History

United States
- Name: William MacLay
- Namesake: William MacLay
- Owner: War Shipping Administration (WSA)
- Operator: A.H. Bull & Co., Inc.
- Ordered: as type (EC2-S-C1) hull, MCE hull 47
- Awarded: 14 March 1941
- Builder: Bethlehem-Fairfield Shipyard, Baltimore, Maryland
- Cost: $1,054.457
- Yard number: 2034
- Way number: 1
- Laid down: 24 April 1942
- Launched: 22 June 1942
- Sponsored by: Mrs.John W. Whiling
- Completed: 7 July 1942
- Identification: Call sign: KFVA; ;
- Fate: Laid up in the National Defense Reserve Fleet, Mobile, Alabama, 10 December 1947; Sold for scrapping, 26 April 1967, withdrawn from fleet, 18 May 1967;

General characteristics
- Class & type: Liberty ship; type EC2-S-C1, standard;
- Tonnage: 10,865 LT DWT; 7,176 GRT;
- Displacement: 3,380 long tons (3,434 t) (light); 14,245 long tons (14,474 t) (max);
- Length: 441 feet 6 inches (135 m) oa; 416 feet (127 m) pp; 427 feet (130 m) lwl;
- Beam: 57 feet (17 m)
- Draft: 27 ft 9.25 in (8.4646 m)
- Installed power: 2 × Oil fired 450 °F (232 °C) boilers, operating at 220 psi (1,500 kPa); 2,500 hp (1,900 kW);
- Propulsion: 1 × triple-expansion steam engine, (manufactured by Vulcan Iron Works, Wilkes-Barre, Pennsylvania); 1 × screw propeller;
- Speed: 11.5 knots (21.3 km/h; 13.2 mph)
- Capacity: 562,608 cubic feet (15,931 m^{3}) (grain); 499,573 cubic feet (14,146 m^{3}) (bale);
- Complement: 38–62 USMM; 21–40 USNAG;
- Armament: Varied by ship; Bow-mounted 3-inch (76 mm)/50-caliber gun; Stern-mounted 4-inch (102 mm)/50-caliber gun; 2–8 × single 20-millimeter (0.79 in) Oerlikon anti-aircraft (AA) cannons and/or,; 2–8 × 37-millimeter (1.46 in) M1 AA guns;

= SS William MacLay =

Liberty ship of WWII

SS William MacLay was a Liberty ship built in the United States during World War II. She was named after William MacLay, a politician from Pennsylvania during the eighteenth century.

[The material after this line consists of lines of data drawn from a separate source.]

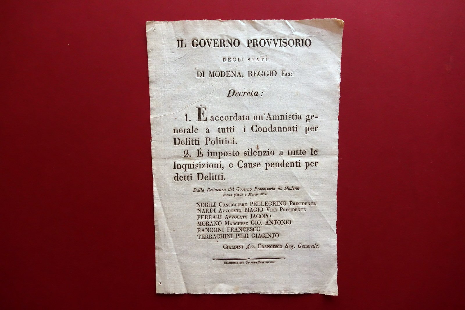 Grida, Governo Provvisorio degli Stati di Modena, Reggio, ecc. 1. è accordata un'amnistia generale a tutti i condannati per delitti politici [.]" Stamperia del Governo Provvisorio, Modena 1831; margini alla forma. Cm 31,5x21. Condizioni di conservazione Molto ben conservato con minimi segni del tempo, tre angoli con lievi tracce di pieghe. Poche trascurabili bruniture. Per ulteriori dettagli vedi foto. SC03.D19704 N "
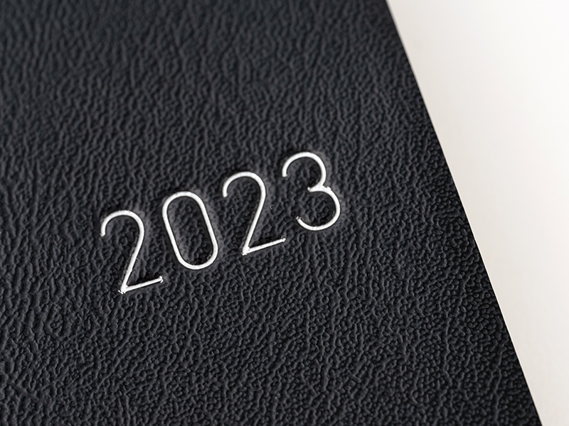 The spine of the Weeks book is embossed with “2023” for easy reference when storing the planner in a bookshelf.
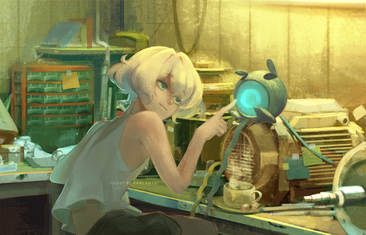 1other androgynous artist_name bare_arms bare_shoulders black_pants blonde_hair blue_eyes cable closed_mouth commentary commentary_request cowboy_shot cup decalcomanica english_commentary english_text from_behind indoors kanlamari light_smile lips looking_at_object machine midriff on_stool original other_focus pants robot saucer short_hair sitting solo steam stool sugar_cube table tank_top tea teacup tiramisu_(kanlamari) watermark white_tank_top workshop
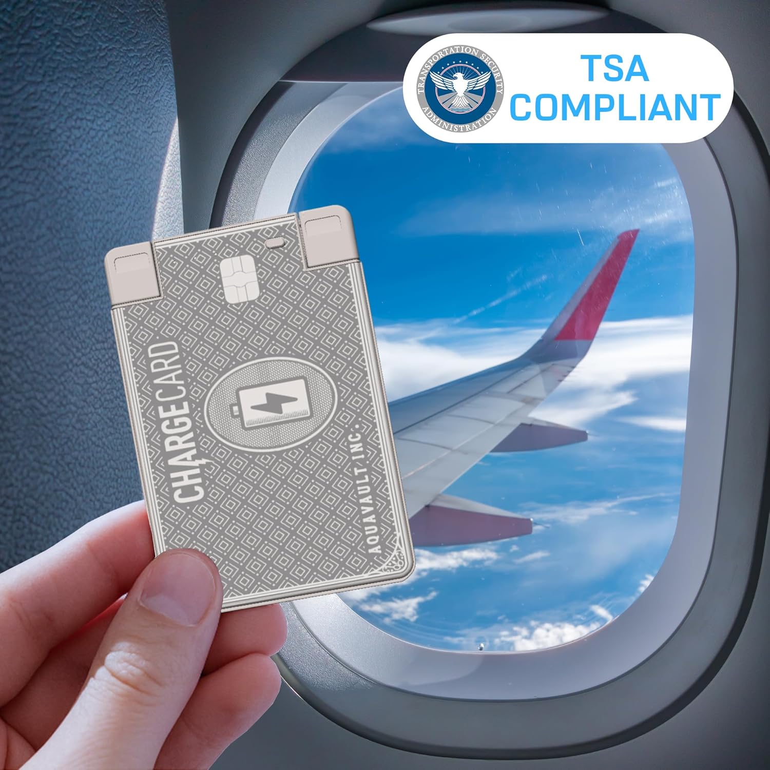 - AIR TRAVEL READY – KEEP IT WITH YOU: Easily slip it into your carry-on or pocket—ChargeCard meets airline safety guidelines and can be brought aboard flights with no restrictions. Ultra Thin and Lightweight at only 3.3" x 2.2" x 0.18" (2.1oz)
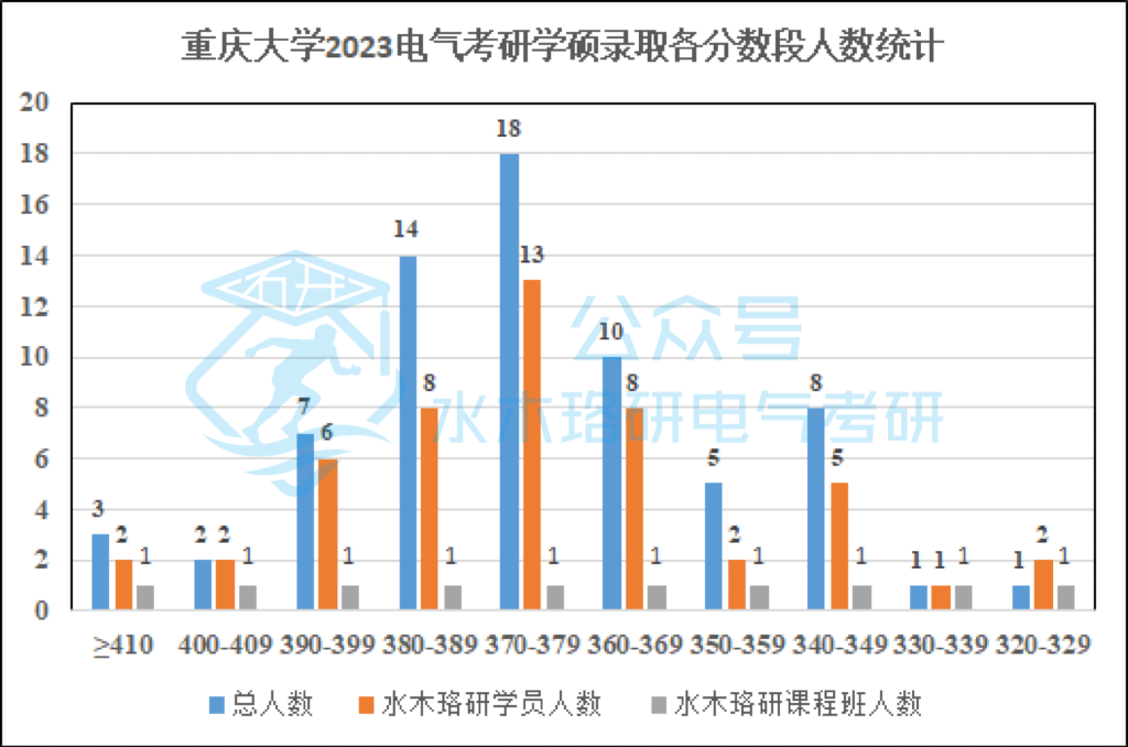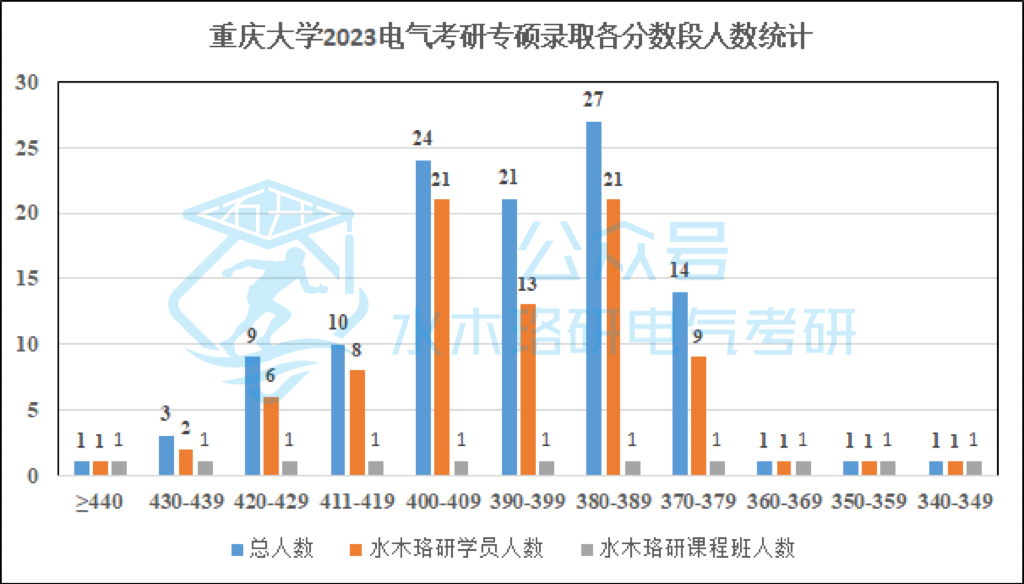 电气专硕,400分以上考生共49人,其中水木珞研学员33人,占比67%; 拟录取95名考生,其中水木珞研学员64人,占比67%(含专项计划);专硕前十名课程班学员占比70%。
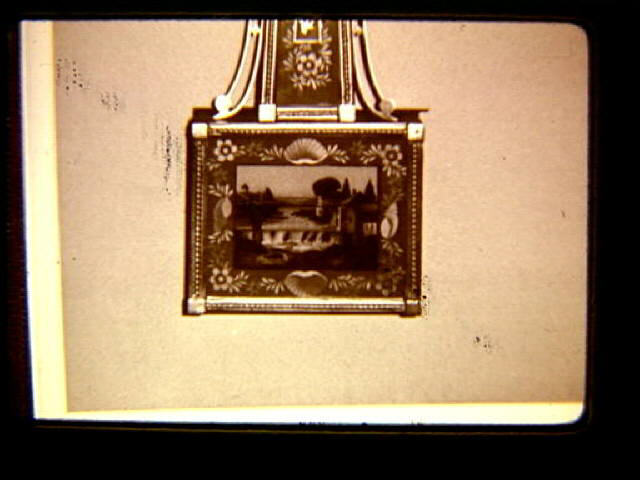 WF 6 1970's Woonsocket Falls as depicted on a "banjo" clock made about 1830 in Woonsocket, now in Ohio.

Maclay, along with Robert Morris, was a member of Pennsylvania's first two-member delegation to the United States Senate. Following his tenure in the Senate, he served in the Pennsylvania House of Representatives on two separate occasions, as a county judge, and as a presidential elector.

==Construction==
William MacLay was laid down on 24 April 1942, under a Maritime Commission (MARCOM) contract, MCE hull 47, by the Bethlehem-Fairfield Shipyard, Baltimore, Maryland; sponsored by Mrs. John W. Whiling, the wife local ABS surveyor at Bethlehem-Fairfield Shipyard, and was launched on 22 June 1942.

==History==
She was allocated to A.H. Bull & Co., Inc., on 7 July 1942. On 10 December 1947, she was laid up in the National Defense Reserve Fleet, Mobile, Alabama. She was sold for scrapping on 26 April 1967, to Union Minerals & Alloys Corp., for $45,501. She was withdrawn from the fleet on 18 May 1967.